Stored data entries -
========================================

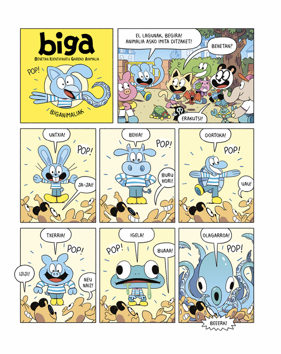 Txantxak sortzeko makina da gure heroi urdinaren abenturen azken liburukia. Biga sailak 30.000 ale baino gehiago saldu ditu Espainian, eta oraingo abentura honetan ere lotsagabeki, umorez eta itxuraldaketa harrigarri ugariz helduko die gaurko umeen arazo eta emozioei, gag samur eta barregarriak tarteko.
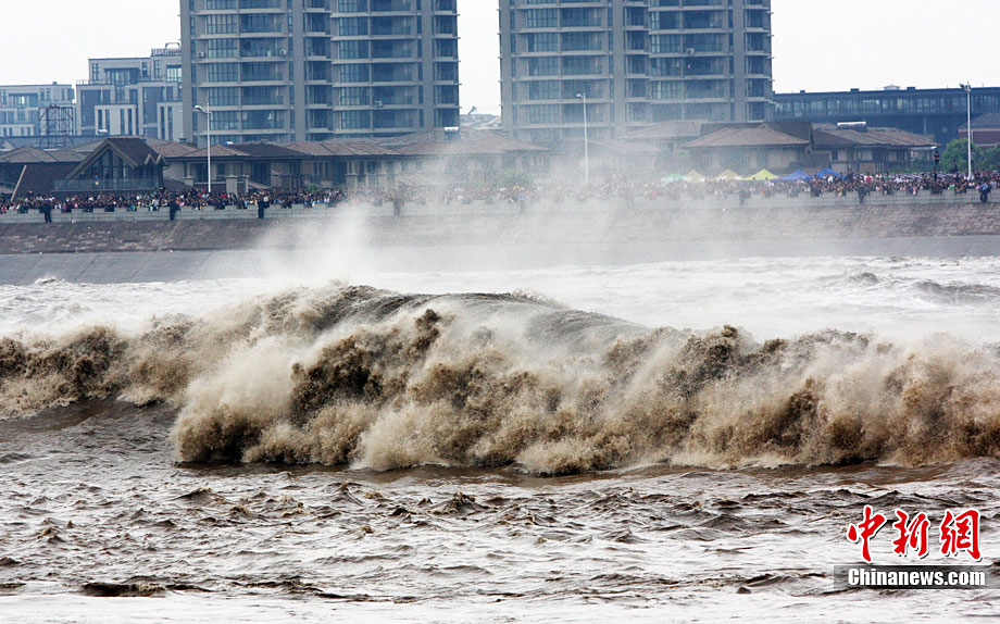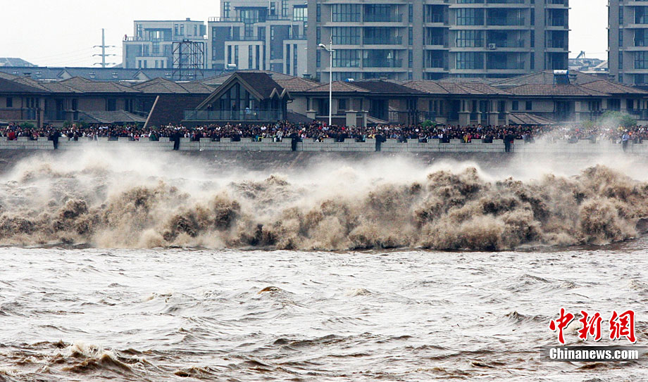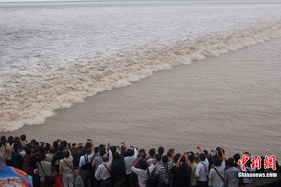 八月十八潮,壯觀天下無。9月25日12時38分,近八年最大錢塘潮如約而至抵達浙江省海寧鹽官,來自世界各地的游客爭睹“一線潮”景觀。汪恩民 攝
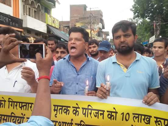 स्वर्ण-व्यवसायी के हत्यारों की गिरफ्तारी के लिए शहर में व्यवसायियों ने निकला कैंडल मार्च
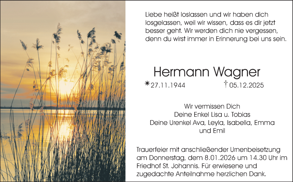 Hier finden Sie alle Traueranzeigen aus der Zeitung, die bisher für Hermann Wagner erschienen sind. Weitere Traueranzeigen, die in der Zeitung erscheinen, werden hier ebenfalls aufgelistet
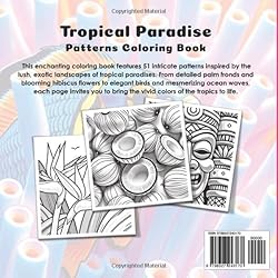 - Dive into a world of vibrant beauty with the "Tropical Paradise Pattern Coloring Book," a captivating addition to the "Joyful Tapestries" series. This enchanting coloring book features an array of intricate patterns inspired by the lush, exotic landscapes of tropical paradises. From detailed palm fronds and blooming hibiscus flowers to elegant birds and mesmerizing ocean waves, each page invites you to bring the vivid colors of the tropics to life. Perfect for all ages, this book offers a relaxing and creative escape, allowing you to immerse yourself in the serene and joyful essence of tropical bliss. Get your copy and unleash your artistic spirit and transform these stunning patterns into your personal masterpieces.
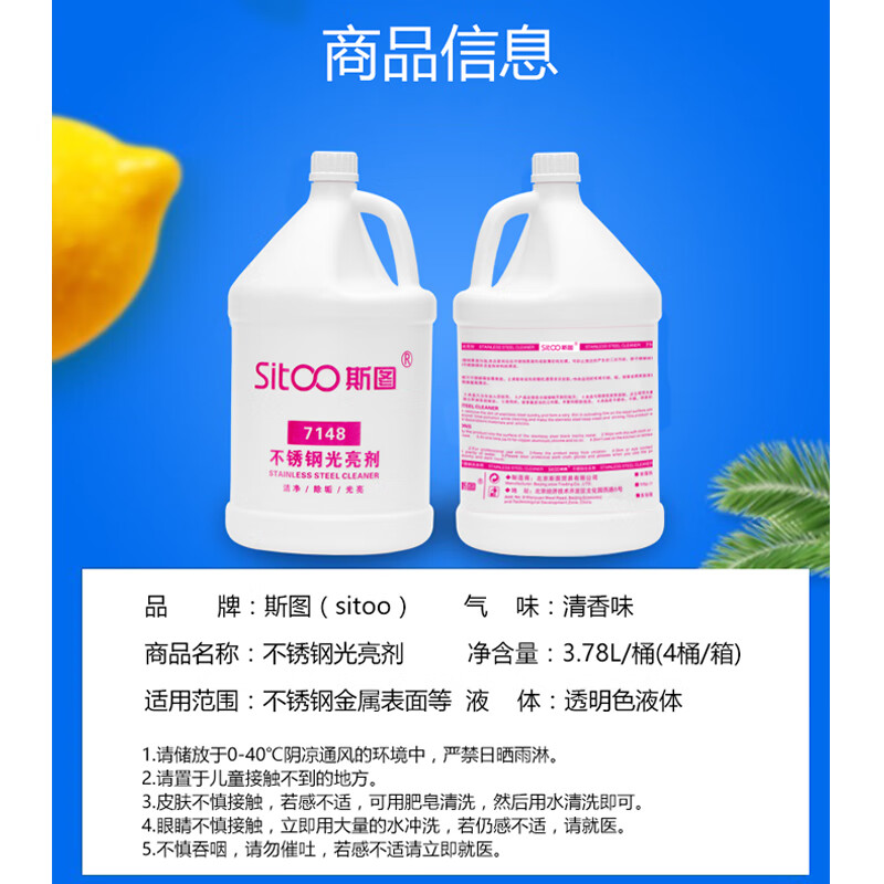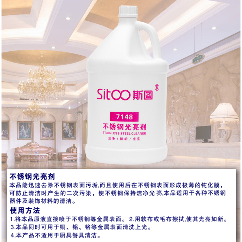 斯图清洁剂去污剂电梯保养油7148适合公司单位酒店宾馆企业3.78升不锈钢光亮剂(1桶装)
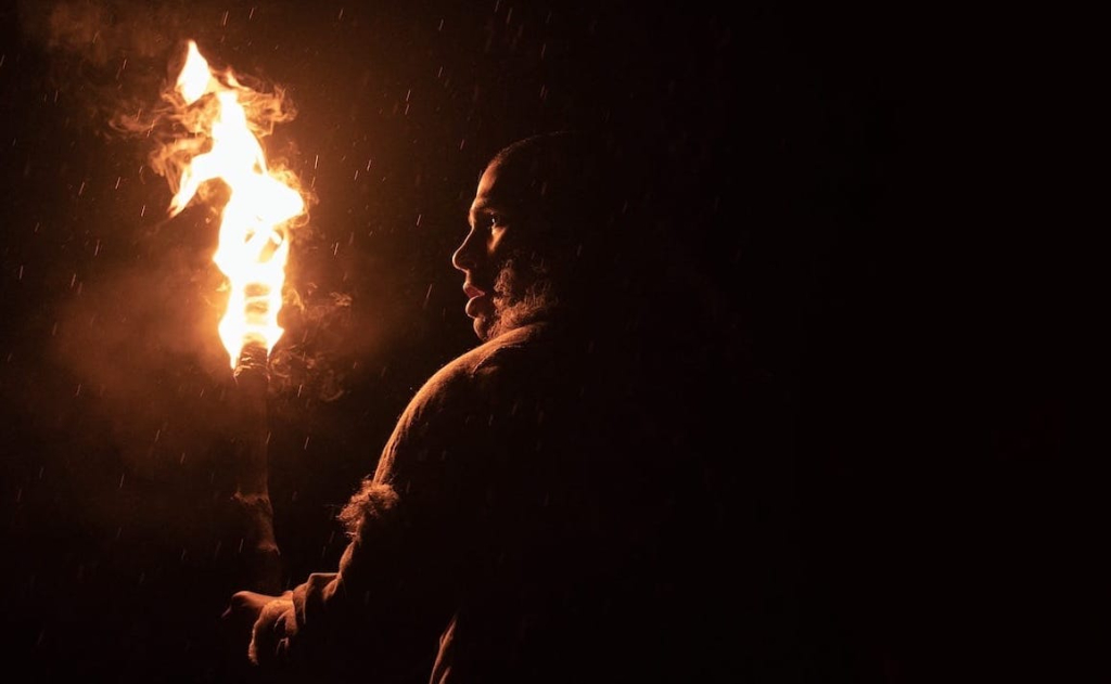 Familiar horror preoccupations are transposed to the unfamiliar cinematic landscape of the palaeolithic age in Andrew Cumming’s intriguing, atmospheric debut. Out of Darkness opens with the scene of a small, close-knit, stone-age tribe huddled around the campfire, with its elder, Odal (Arno Luenig), telling stories of odysseys characterised by hardship and futility. Here is the first thread that connects this prehistoric family to the audience of a film whose philosophy ruminates on the paranoia, brutality and tribalism that is as inherent in us now as it was 45,000 years ago; like tribe leader Adem (Chuku Mudu), his pregnant partner Ave (Iola Evans), Gierr (Kit Young), adoptee of the group, Beyah (Safia Oakley-Green) and Adem’s son, Heron (played by female actor Luna Mwezi), we are huddled together, basking in the power of storytelling, a power which has not diminished since the dawn of time.

========================================

Task statement - Repeat every entry exactly. Do not include the pictures.

Task result -
 Txantxak sortzeko makina da gure heroi urdinaren abenturen azken liburukia. Biga sailak 30.000 ale baino gehiago saldu ditu Espainian, eta oraingo abentura honetan ere lotsagabeki, umorez eta itxuraldaketa harrigarri ugariz helduko die gaurko umeen arazo eta emozioei, gag samur eta barregarriak tarteko.
 八月十八潮,壯觀天下無。9月25日12時38分,近八年最大錢塘潮如約而至抵達浙江省海寧鹽官,來自世界各地的游客爭睹“一線潮”景觀。汪恩民 攝
 स्वर्ण-व्यवसायी के हत्यारों की गिरफ्तारी के लिए शहर में व्यवसायियों ने निकला कैंडल मार्च
 Hier finden Sie alle Traueranzeigen aus der Zeitung, die bisher für Hermann Wagner erschienen sind. Weitere Traueranzeigen, die in der Zeitung erscheinen, werden hier ebenfalls aufgelistet
 - Dive into a world of vibrant beauty with the "Tropical Paradise Pattern Coloring Book," a captivating addition to the "Joyful Tapestries" series. This enchanting coloring book features an array of intricate patterns inspired by the lush, exotic landscapes of tropical paradises. From detailed palm fronds and blooming hibiscus flowers to elegant birds and mesmerizing ocean waves, each page invites you to bring the vivid colors of the tropics to life. Perfect for all ages, this book offers a relaxing and creative escape, allowing you to immerse yourself in the serene and joyful essence of tropical bliss. Get your copy and unleash your artistic spirit and transform these stunning patterns into your personal masterpieces.
 斯图清洁剂去污剂电梯保养油7148适合公司单位酒店宾馆企业3.78升不锈钢光亮剂(1桶装)
 Familiar horror preoccupations are transposed to the unfamiliar cinematic landscape of the palaeolithic age in Andrew Cumming’s intriguing, atmospheric debut. Out of Darkness opens with the scene of a small, close-knit, stone-age tribe huddled around the campfire, with its elder, Odal (Arno Luenig), telling stories of odysseys characterised by hardship and futility. Here is the first thread that connects this prehistoric family to the audience of a film whose philosophy ruminates on the paranoia, brutality and tribalism that is as inherent in us now as it was 45,000 years ago; like tribe leader Adem (Chuku Mudu), his pregnant partner Ave (Iola Evans), Gierr (Kit Young), adoptee of the group, Beyah (Safia Oakley-Green) and Adem’s son, Heron (played by female actor Luna Mwezi), we are huddled together, basking in the power of storytelling, a power which has not diminished since the dawn of time.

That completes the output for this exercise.